Segment Start: INFORMATION GIVEN

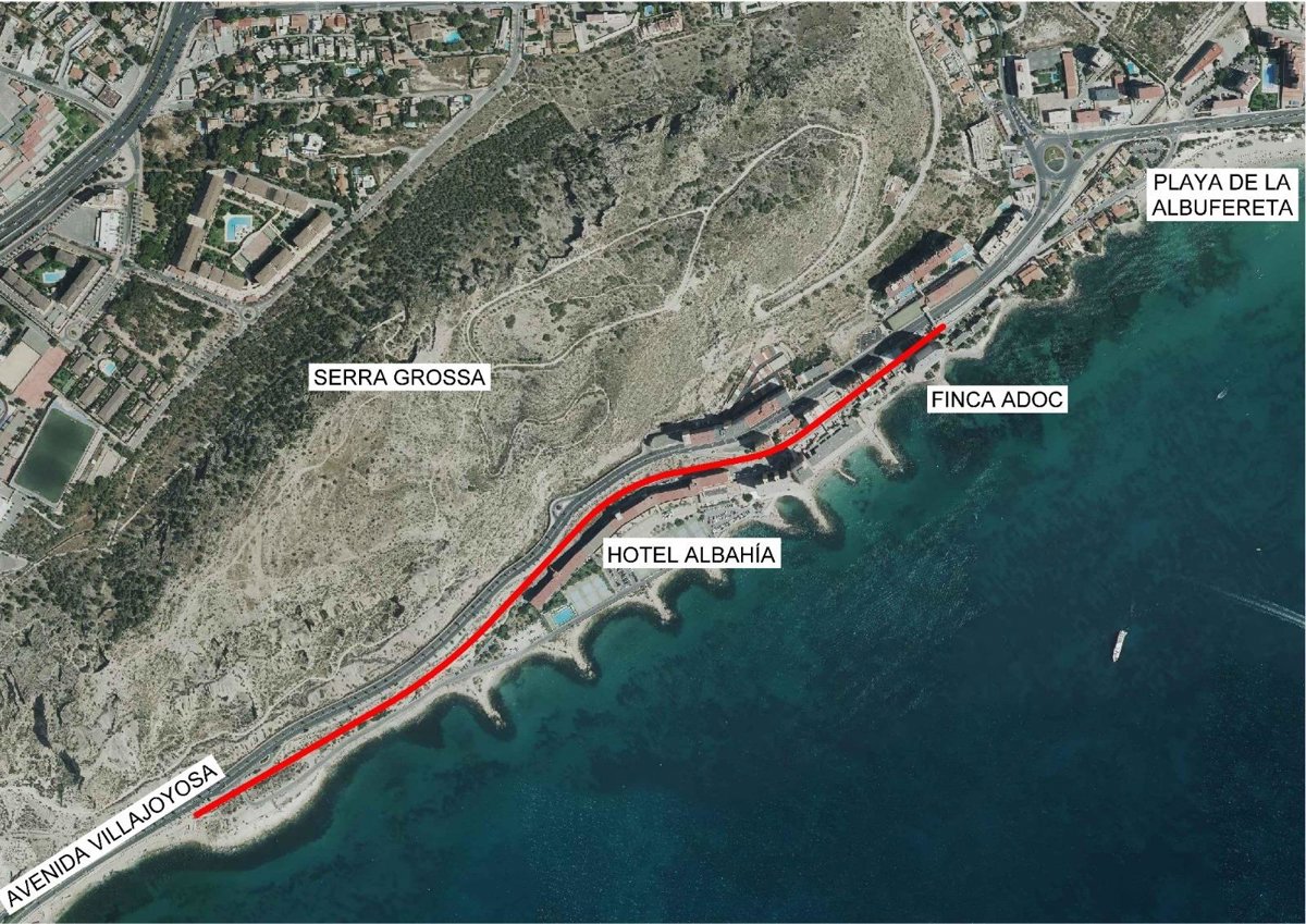 En ese sentido, la Conselleria de Política Territorial, Obras Públicas y Movilidad tiene previsto iniciar las obras a la altura del acceso al Hotel Abahía que cruza sobre la antigua línea ferroviaria, conectando con la vía ciclopeatonal existente del paseo de La Cantera, y se prolongará a lo largo de la plataforma del tramo de línea que ha quedado en desuso, hasta la salida del túnel junto a la Torre Vistamar (más conocida como 'El Barco') en la calle Sol Naciente en l'Albufereta.
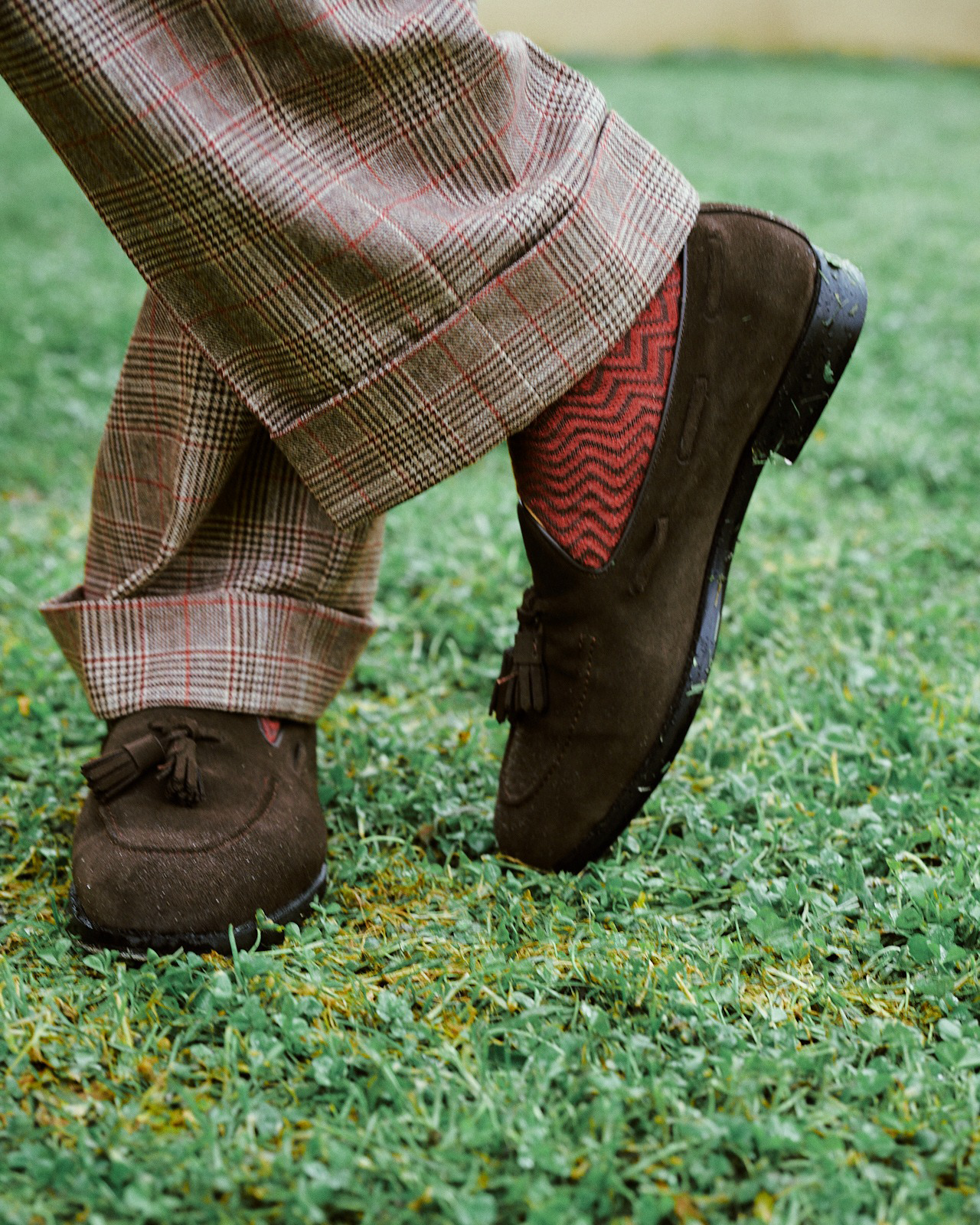Brown Checked Three-Piece Suit with Brown Tie / White Cotton Poplin Shirt with Double Cuffs and Contrast Collar / Brown Suede Loafers with Tassels
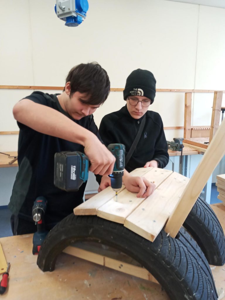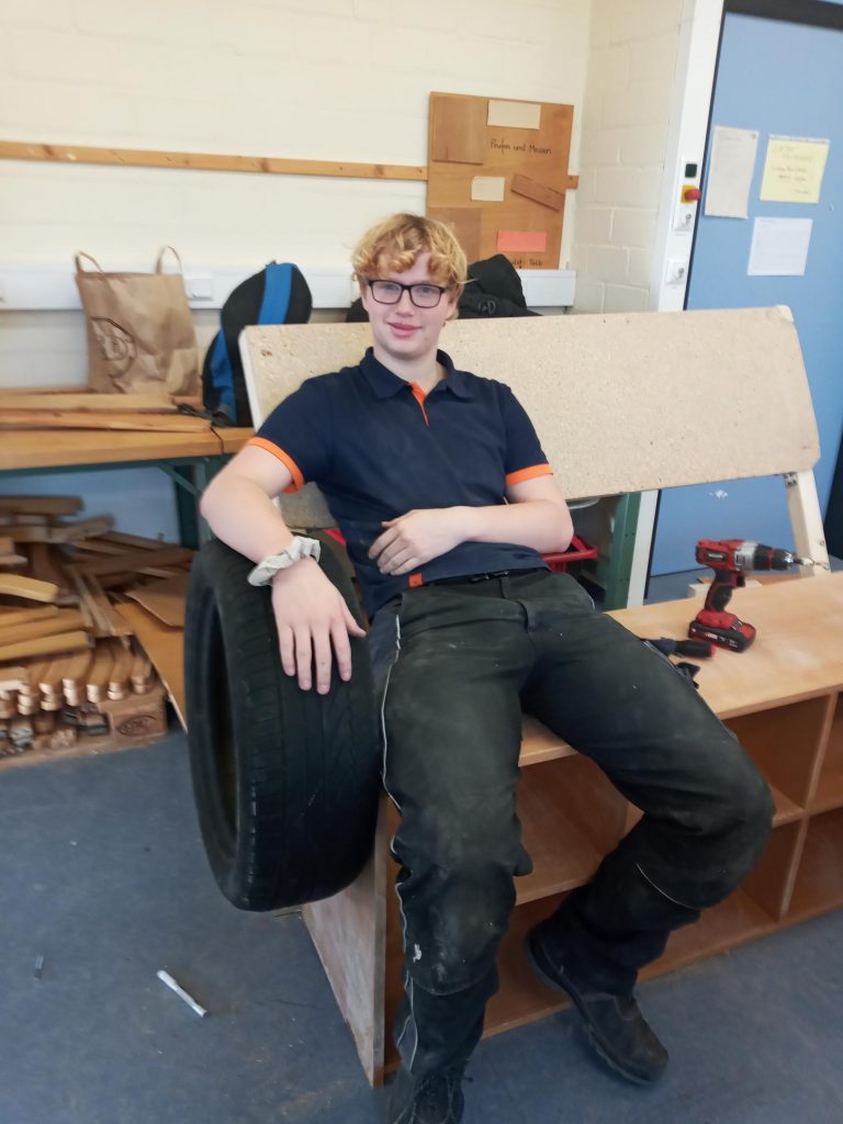 Die Projektprüfung, die Mitte Januar durchgeführt wurde, war ebenso sehr erfolgreich. Alle Prüfungsprojekte, in denen PUSCH-Teilnehmende Möbelstücke gebaut bzw. lecker gekocht haben, wurden zum Großteil gut benotet. Dazu gehörte ein Projekt, in dem Dominik, Maxi, Gabriel und Fabio eine Bank und einen Sessel aus einem alten Buchregal und Autoreifen gebaut haben. Nachhaltigkeit und Upcycling pur!
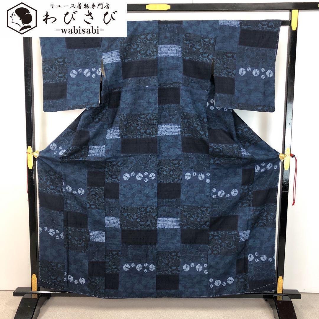 > 紬着物 絞り柄 型染 花柄模様 紺藍色 ますいわ屋 K-4537 着物 きもの kimono 和服 和装 中古 リサイクル着物 【送料無料】
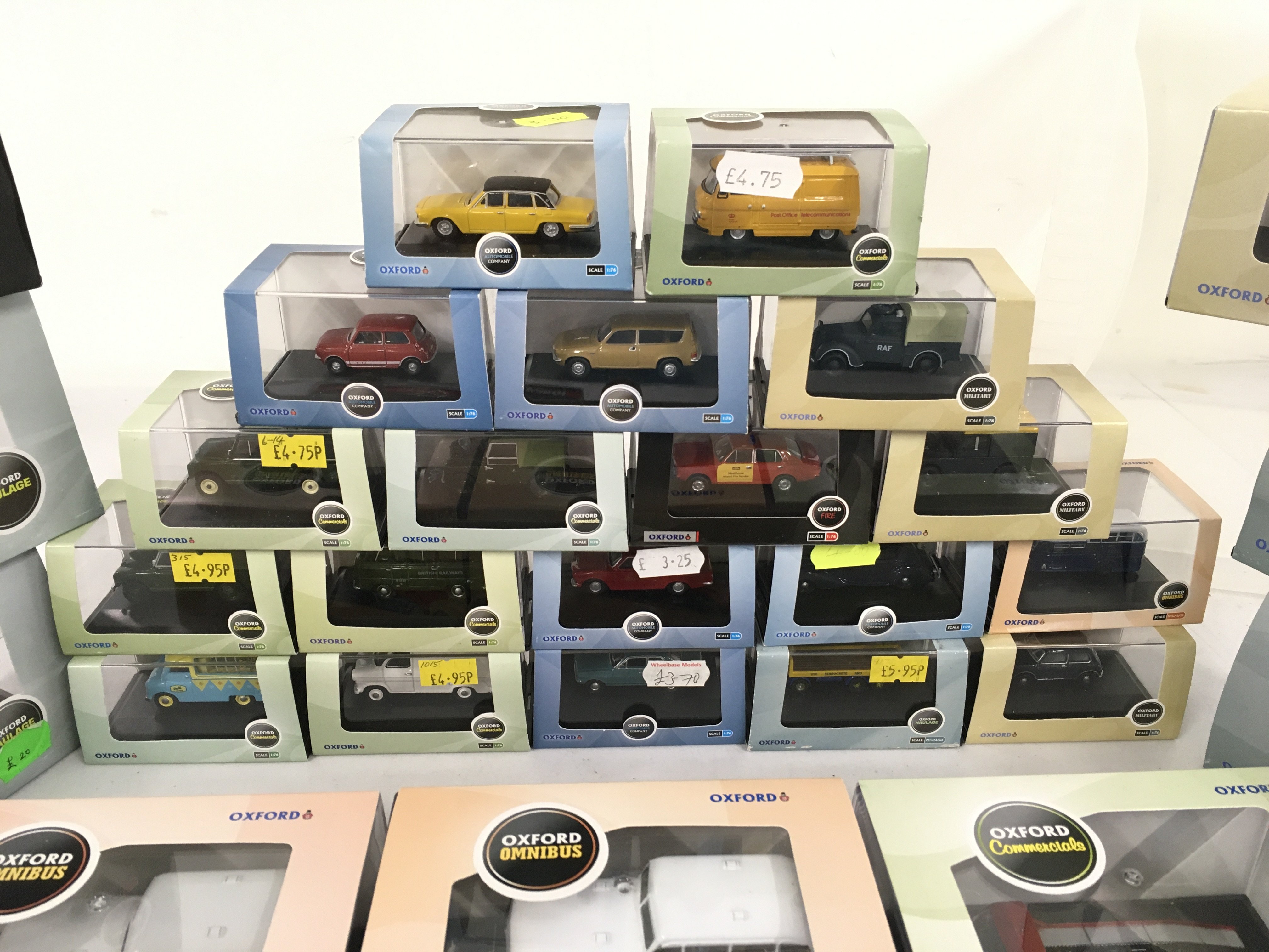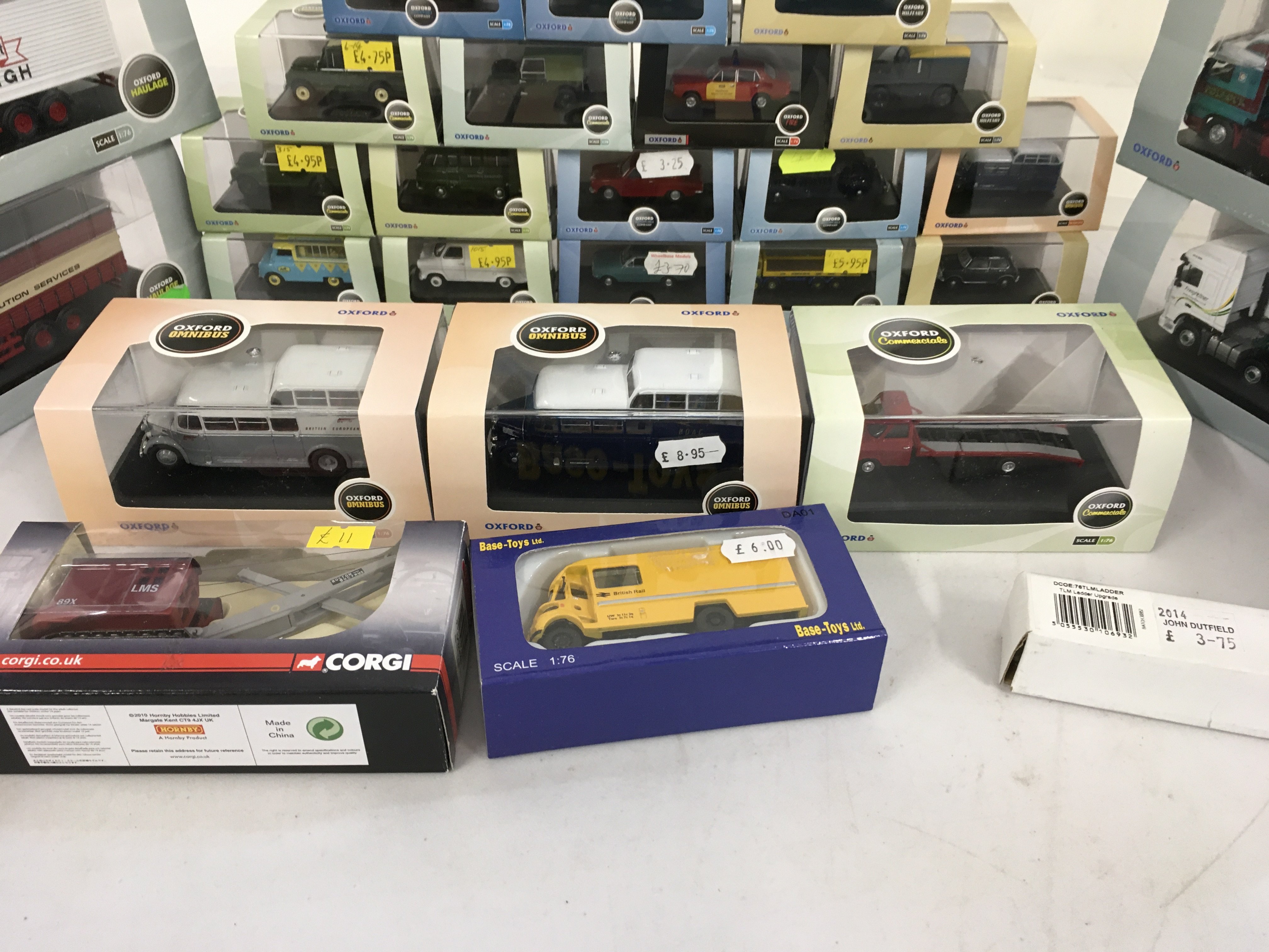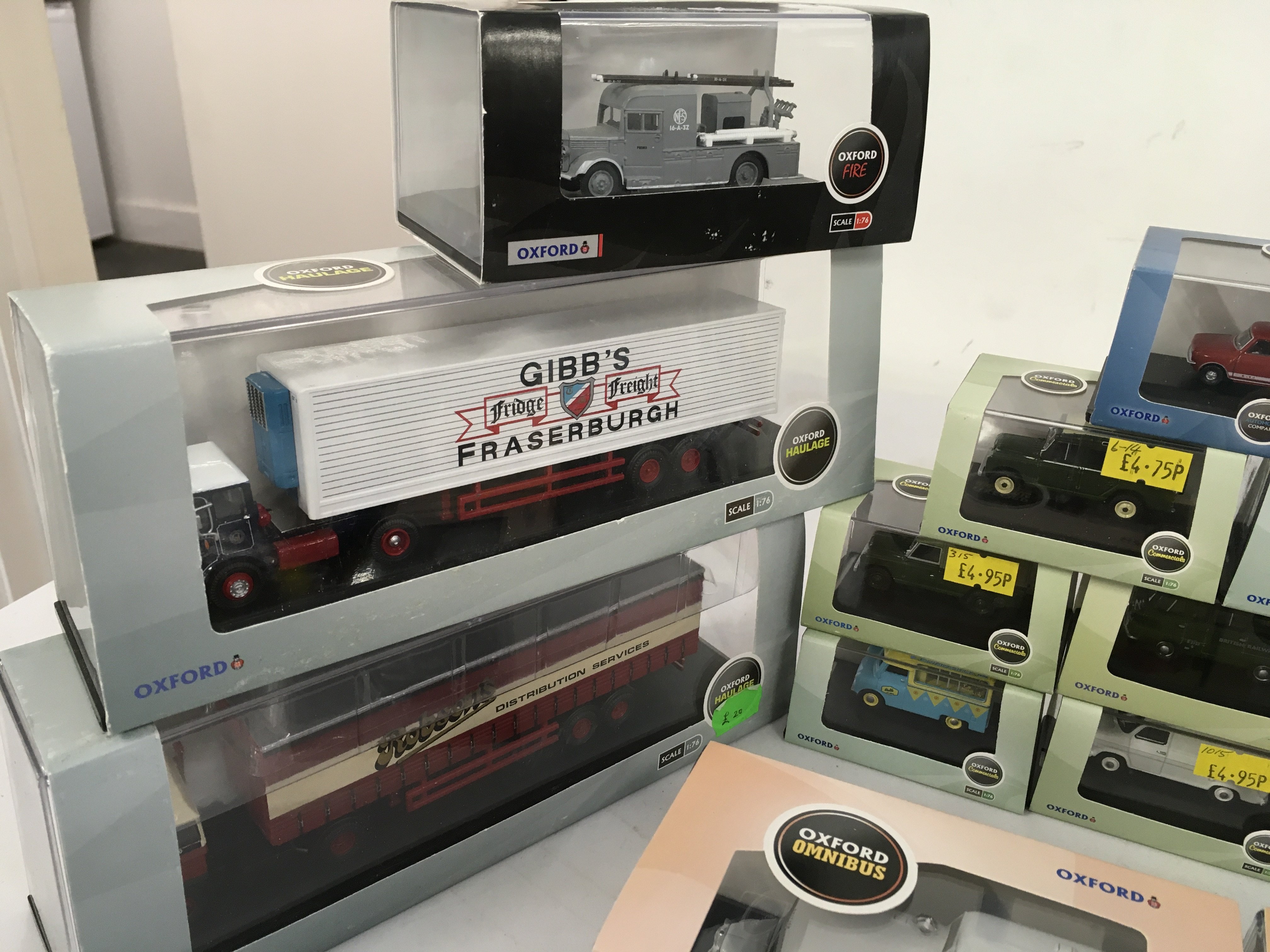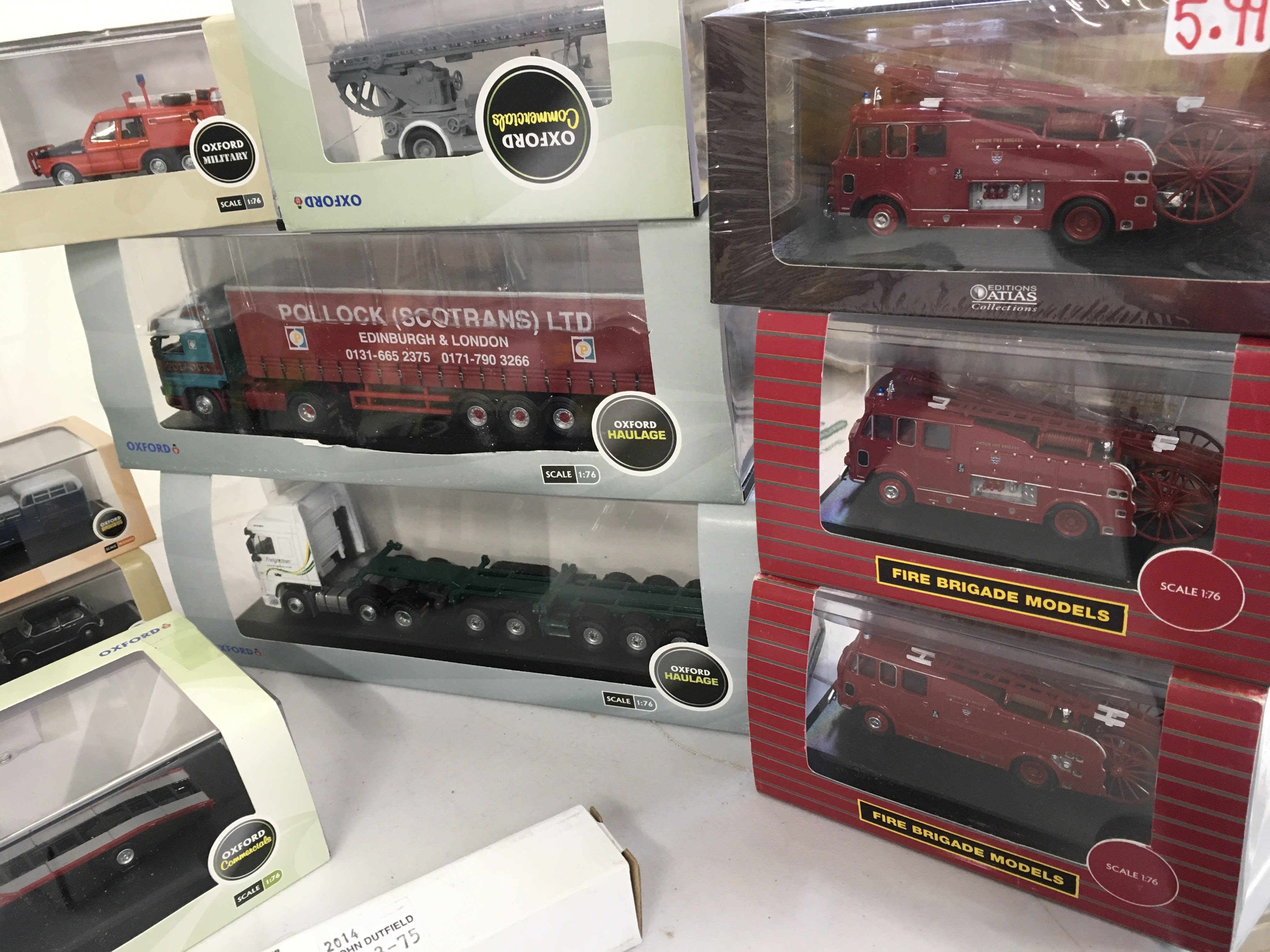 A collection of Oxford diecast model vehicles in display boxes featuring fire engines..buses..cars etc. no reserve

Segment End: INFORMATION GIVEN

- DESCRIPTION OF THE TASK:
Every line from the one with "Die Projektprüfung, die" through the end of the records above belongs in the answer, copied exactly; no picture does.

- OUTPUT FOR THIS TASK:
 Die Projektprüfung, die Mitte Januar durchgeführt wurde, war ebenso sehr erfolgreich. Alle Prüfungsprojekte, in denen PUSCH-Teilnehmende Möbelstücke gebaut bzw. lecker gekocht haben, wurden zum Großteil gut benotet. Dazu gehörte ein Projekt, in dem Dominik, Maxi, Gabriel und Fabio eine Bank und einen Sessel aus einem alten Buchregal und Autoreifen gebaut haben. Nachhaltigkeit und Upcycling pur!
 > 紬着物 絞り柄 型染 花柄模様 紺藍色 ますいわ屋 K-4537 着物 きもの kimono 和服 和装 中古 リサイクル着物 【送料無料】
 A collection of Oxford diecast model vehicles in display boxes featuring fire engines..buses..cars etc. no reserve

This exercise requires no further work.